Serine/arginine-rich splicing factor 5 · UniProt Q13243

Length
272 aa
Mass
31.3 kDa
Annotated
2026-06-10
20 papers in source corpus 18 papers cited in narrative 17 extracted findings
Cross-family judge vs UniProt: Affinage preferred faithfulness: 5/5 claims corpus-supported (100%)

Mechanistic narrative

Synthesis pass · prose summary of the discoveries below

SRSF5 (SFRS5/SRp40) is a serine/arginine-rich splicing factor that controls alternative splicing of numerous pre-mRNAs through sequence-specific RNA binding and modular activity: its tandem RNA recognition motifs are sufficient to activate splicing, while the C-terminal RS domain governs proteasomal turnover (PMID:23536862). It directs splice-isoform choice across diverse target transcripts, including CCAR1 (PMID:29942010), Mcl-1 (PMID:23284704), METTL14 and Cyclin L2 (PMID:33849617), Myom1 during cardiac development (PMID:34622152), PKM (PMID:38263157), ETS1 (PMID:36064747), DMTF1 (by modulating SF1 binding) (PMID:34291726), NCOR2 exon 11 (PMID:37190199), MLX (PMID:40586738), and Psmg4 (PMID:41907183), frequently doing so by engaging conserved binding sites via its RRM domains (PMID:36257906, PMID:41907183). SRSF5 activity and abundance are tightly tuned by post-translational modification: glucose-induced Tip60 acetylation at K125 stabilizes SRSF5 by antagonizing Smurf1-mediated ubiquitylation, whereas starvation-driven HDAC1 deacetylation licenses its degradation (PMID:29942010); phosphorylation by CLK1 at Ser250 and by SRPK1 redirects specific splicing outcomes (PMID:33849617, PMID:37190199); and ubiquitin ligases such as TRIM72 target it for proteasomal degradation (PMID:38263157). Beyond intronic splicing, SRSF5 localizes to nuclear speckles and the shell of paraspeckles, where it binds purine-rich sequences at the 5' end of NEAT1_2 to promote paraspeckle cluster assembly during stress, with prolonged loss feeding back through premature polyadenylation of TARDBP to lower TDP-43 (PMID:40716777). Through these activities SRSF5 acts broadly as a pro-growth/pro-survival factor in cancer and is required for development: Srsf5 knockout mice are perinatally lethal with ventricular noncompaction (PMID:34622152), and SRSF5 is also exploited by influenza A virus to splice M mRNA and generate M2 (PMID:36257906).

Mechanistic history

Synthesis pass · year-by-year structured walk · 17 steps
  1. 1997 Medium

    Established the molecular identity of the gene, defining SFRS5/SRp40 as an SR splicing factor encoded by transcripts whose own production is alternatively spliced.

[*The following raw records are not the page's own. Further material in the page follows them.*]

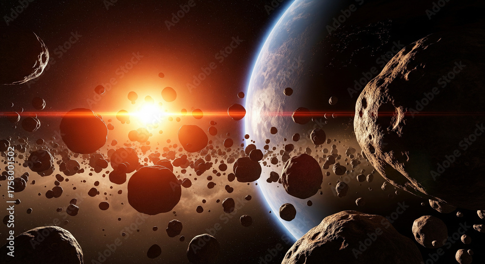 Naklejki Kosmos - rocks and planets in space with a beautiful view of sunlight #1758001502
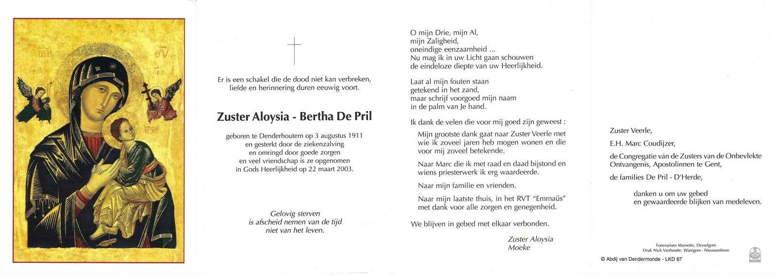 | De Pril Bertha, Zuster Aloysia | Denderhoutem | 03/08/1911 | Denderhoutem | 22/03/2003 |
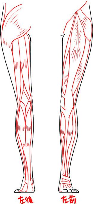 脚を描く時に重要なのは、ヒザ部分と足首部分です。筋肉のつき方を覚えましょう🌸
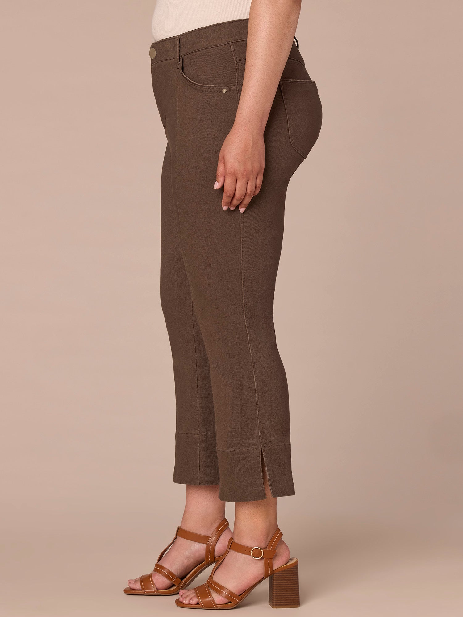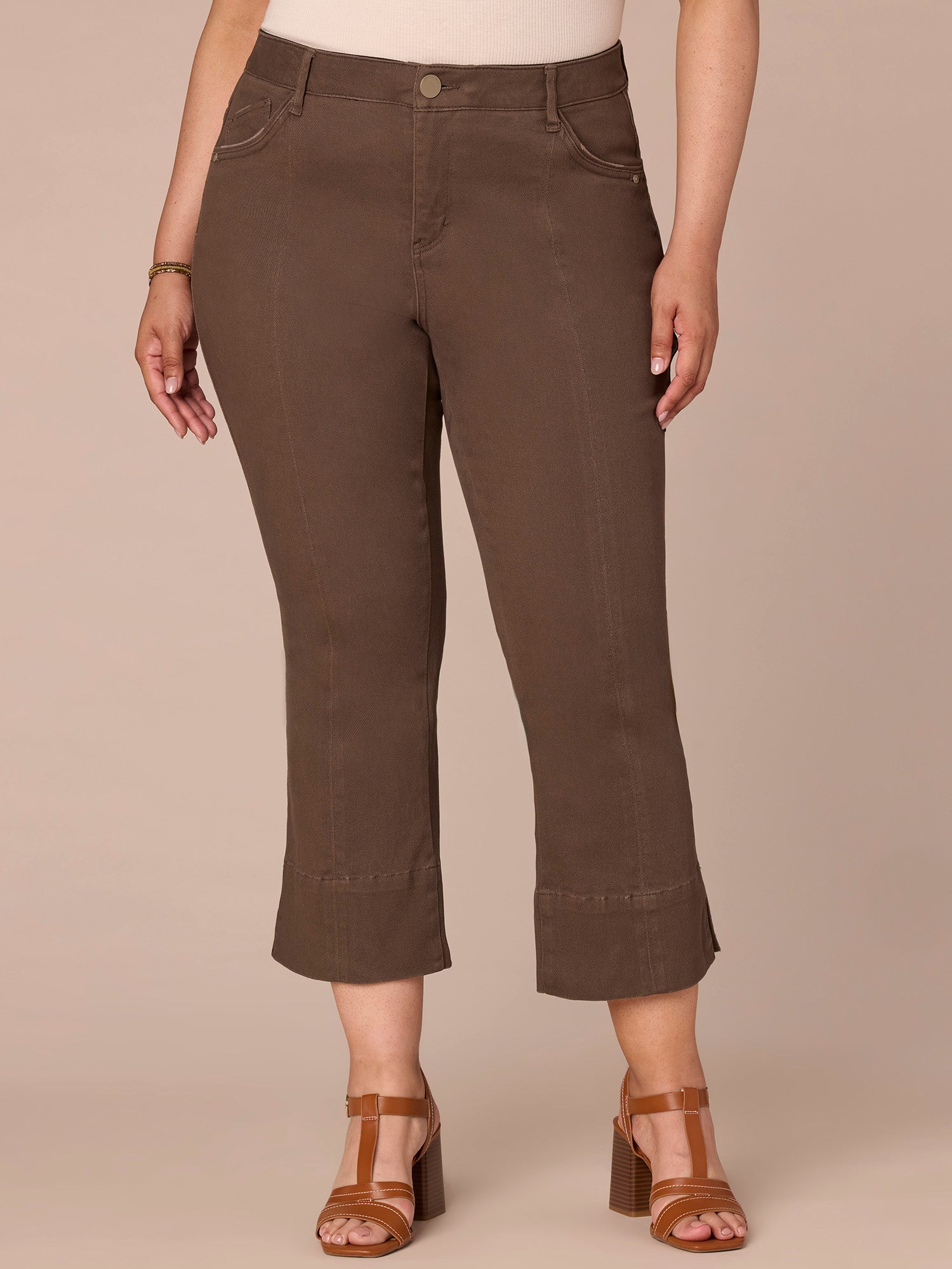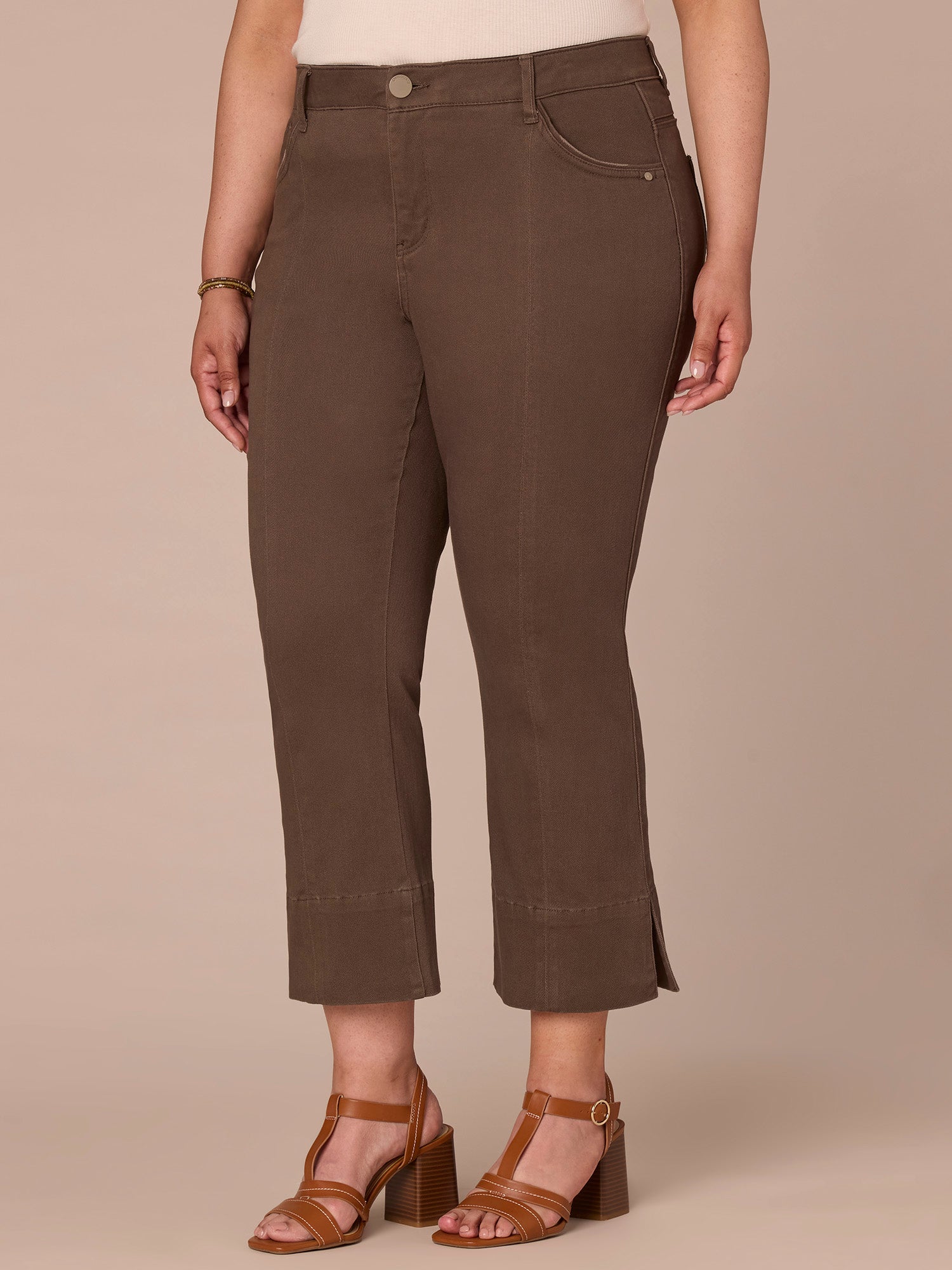 Prepare to meet the style you’ll be wearing on repeat this season. These game-changing “Ab”solution® Kick Flares in plus sizing make chic outfit assembly a breeze, thanks to on-trend design details like curved front pockets, a center seam, and a cropped split hem. With our signature fit technology, these non-denim pants will keep you looking and feeling your best with a sweetheart shaped back yoke and strategically placed back pockets.

    Evidence cDNA cloning, northern blotting, FISH and immunofluorescence mapping the gene to chromosome 14q24

    PMID:9244433 PMID:9434190

    Open questions at the time
    • Functional splicing targets not yet identified
    • Role of the long intron-5-retaining transcript unresolved
  2. 2012 Medium

    First linked SRSF5 to control of an apoptotic effector by showing it shifts Mcl-1 isoform balance, implicating it in cell survival decisions.

    Evidence RNAi knockdown in MCF-7 cells with RT-PCR analysis of Mcl-1 splice isoforms

    PMID:23284704

    Open questions at the time
    • No direct binding to Mcl-1 pre-mRNA demonstrated
    • Single method, single cell line
  3. 2013 Medium

    Resolved how SRSF5 domains partition function, showing RRMs drive splicing activation while the RS domain is the determinant of proteasomal turnover during erythroid differentiation.

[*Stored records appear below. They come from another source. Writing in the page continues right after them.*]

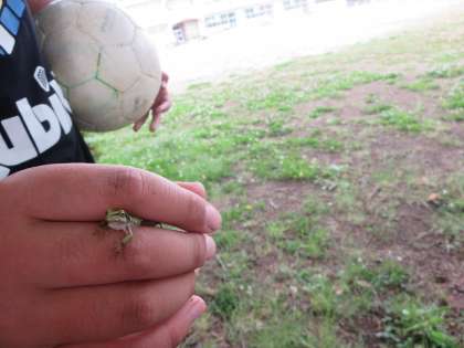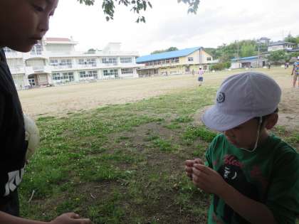 指のすきまからは、かわいらしいカエルさんがおじぎしていました。そうなると昆虫類が大好きな2年生が「みーつけたっ」とばかり、近寄ってきました。やさしい5年生からゆずりうけると、飼育するために教室へダッシュしていきました。
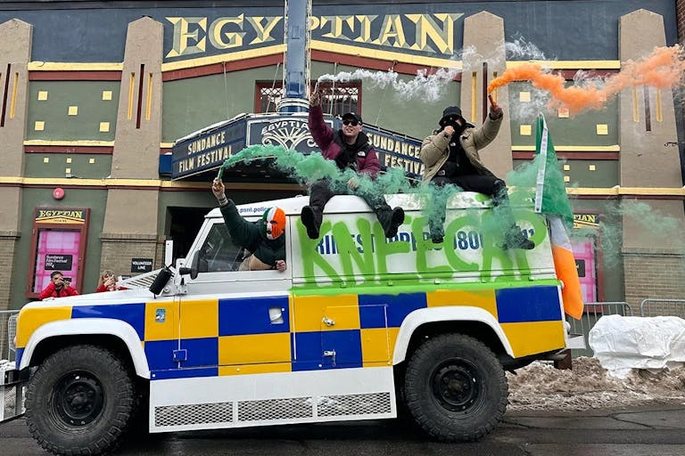 We caught up with Peppiatt – a former Daily Star journalist and co-director of the satirical doc One Rogue Reporter (2014) – on a Zoom after Kneecap’s world premiere at Sundance Film Festival. Peppiatt, originally from Staines, Berkshire, has parents in Canada and is the owner of British, Irish and Canadian passports. “I’ve always found the idea of nationalism to be quite a weird one, and that’s something that plays out in the film a little bit,” he says.
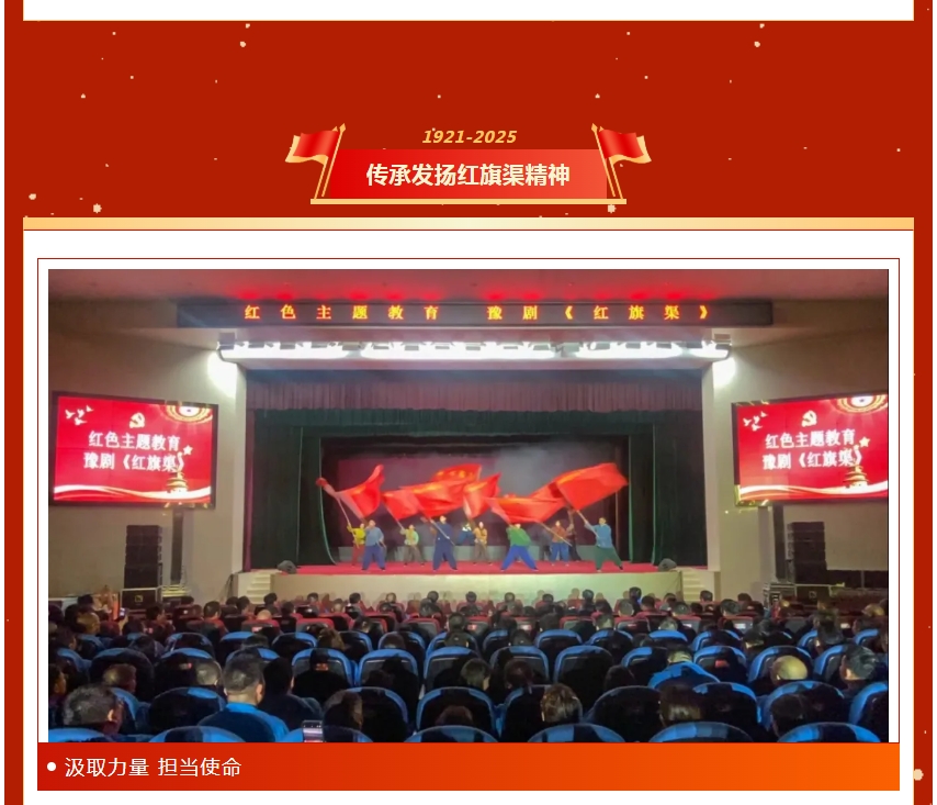 表彰大會(huì)后,全體參會(huì)人員共同觀看了由黨建共建單位河南豫劇三團(tuán)帶來(lái)的豫劇《紅旗渠》,自力更生、艱苦創(chuàng)業(yè)、團(tuán)結(jié)協(xié)作、無(wú)私奉獻(xiàn)的紅旗渠精神歷久彌新,大家在欣賞精彩演出的同時(shí),從中汲取澎湃的精神力量。
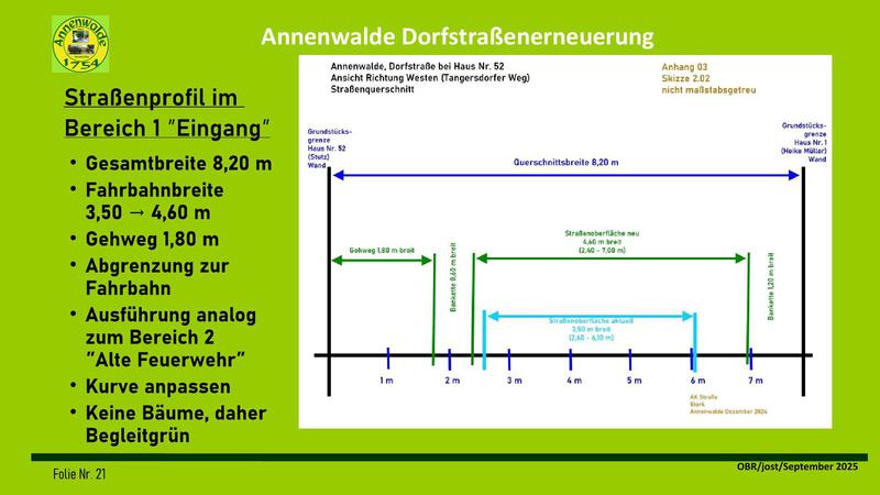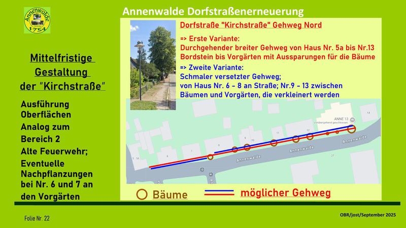 Fortsetzung des Fußweges im Hauptteil der Dorfstraße an der nördliche Seite vor den Häusern 6 bis 13 (Schilling bis Kleine Schorfheide) liegen soll.
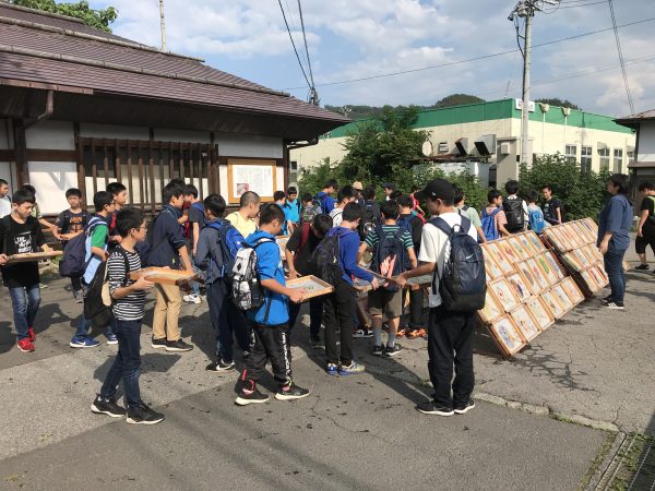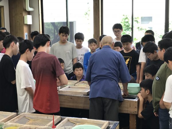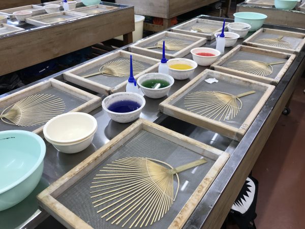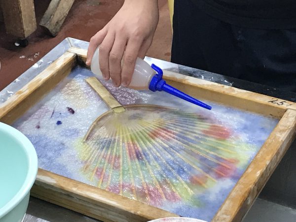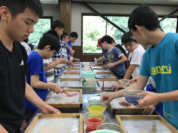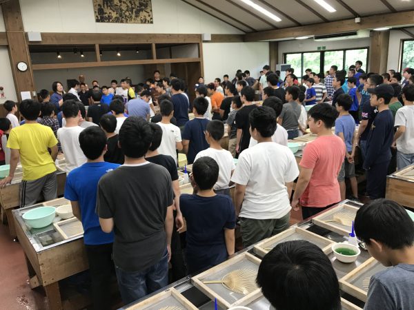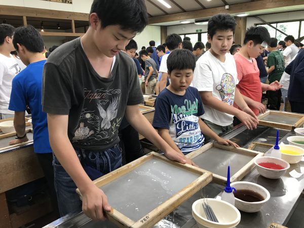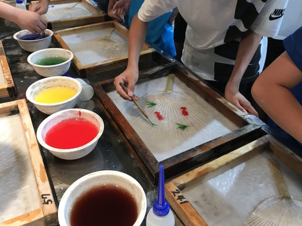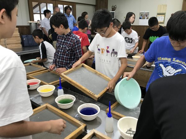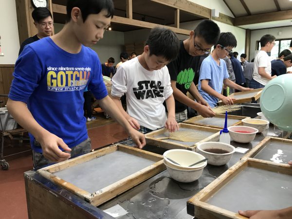 今日の午後は和紙漉き体験に。300年の伝統をもつ立岩和紙にチャレンジしました。長野県長和町に移動。和紙漉きで団扇を作成しました。

    Evidence Proteasome inhibition, domain deletion/mutagenesis and splicing reporters in an erythroid differentiation system

    PMID:23536862

    Open questions at the time
    • Ubiquitin ligase mediating RS-domain-dependent degradation not identified
    • CLK and AKT-Ser86 pathways excluded but responsible kinase/E3 unknown
  4. 2017 Medium

    Identified SRSF5 as a stress- and cold-inducible protein whose induction depends on TRPV4, connecting splicing regulation to cellular stress responses and drug sensitivity.

    Evidence Temperature-shift and stress-condition assays, TRPV4 inhibition/knockdown, doxorubicin sensitivity assays

    PMID:28536481

    Open questions at the time
    • Mechanism of TRPV4-dependent, channel-independent induction unknown
    • Direct splicing targets of stress-induced SRSF5 not defined
  5. 2018 High

    Defined the acetylation/ubiquitylation switch on K125 that couples nutrient status to SRSF5 stability and tumor-promoting CCAR1 splicing, providing the core post-translational control logic.

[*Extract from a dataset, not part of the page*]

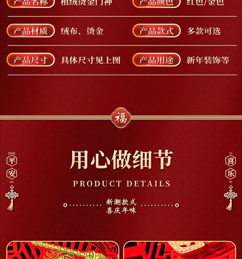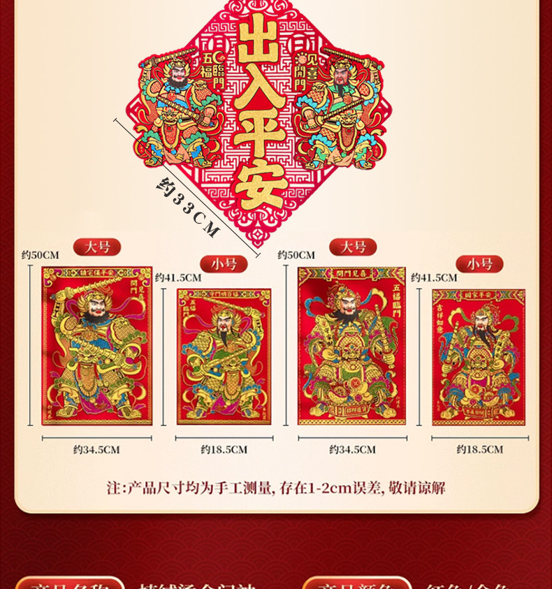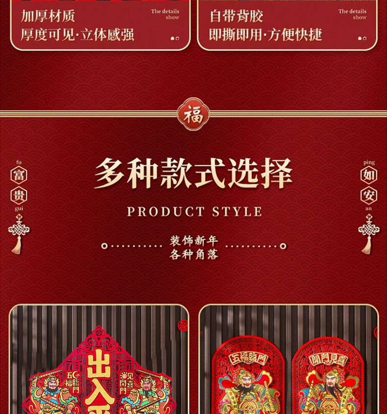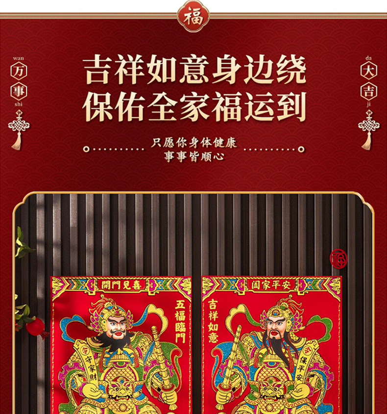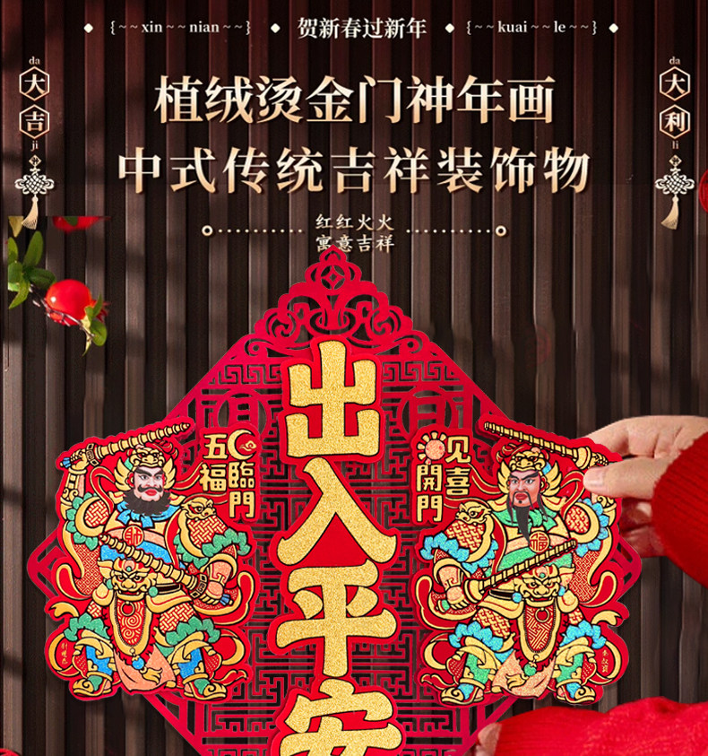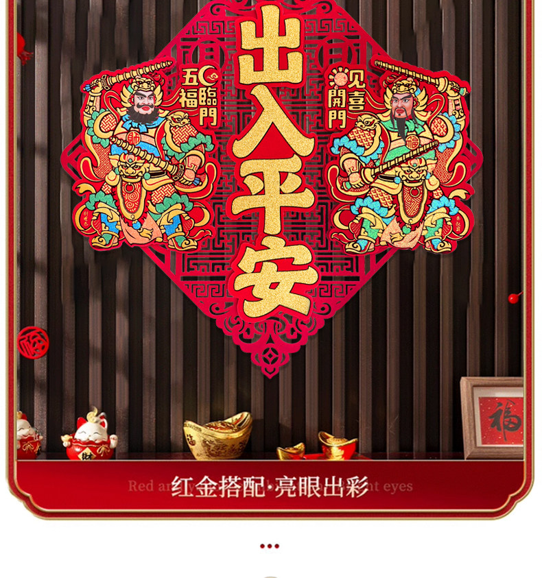 立体出入平安马年门贴2026新款镂空自粘春节斗方门神门口福字贴纸

    Evidence In vitro acetylation/ubiquitylation assays, K125 mutagenesis, Co-IP, RNAi, and xenograft models

    PMID:29942010

    Open questions at the time
    • Whether the same switch governs other targets untested
    • Upstream signal linking glucose to Tip60/HDAC1 incompletely defined
  6. 2018 Medium

    Showed SRSF5 overexpression is oncogenic and arises in part from impaired autoregulation promoted by SRSF3, framing SRSF5 dysregulation as a driver of transformation.

    Evidence Knockdown/overexpression, focus and tumor formation assays in nude mice, western blotting

    PMID:29857020

    Open questions at the time
    • No direct SRSF3-SRSF5 binding shown
    • Specific splicing targets mediating transformation not identified
  7. 2021 High

    Established phosphorylation-directed target selection by CLK1 at Ser250, linking SRSF5 splicing activity to m6A machinery (METTL14) and cell-cycle regulators in pancreatic cancer.

    Evidence Phospho-mass spectrometry, transcriptome sequencing, RIP, RNA pulldown, CLIP-qPCR, in vivo assays

    PMID:33849617

    Open questions at the time
    • How Ser250 phosphorylation alters RNA-binding specificity at structural level unknown
    • Scope of CLK1-controlled targets beyond two events undefined
  8. 2021 High

    Demonstrated an essential developmental role in vivo, with SRSF5-dependent Myom1 isoform switching required for cardiac maturation.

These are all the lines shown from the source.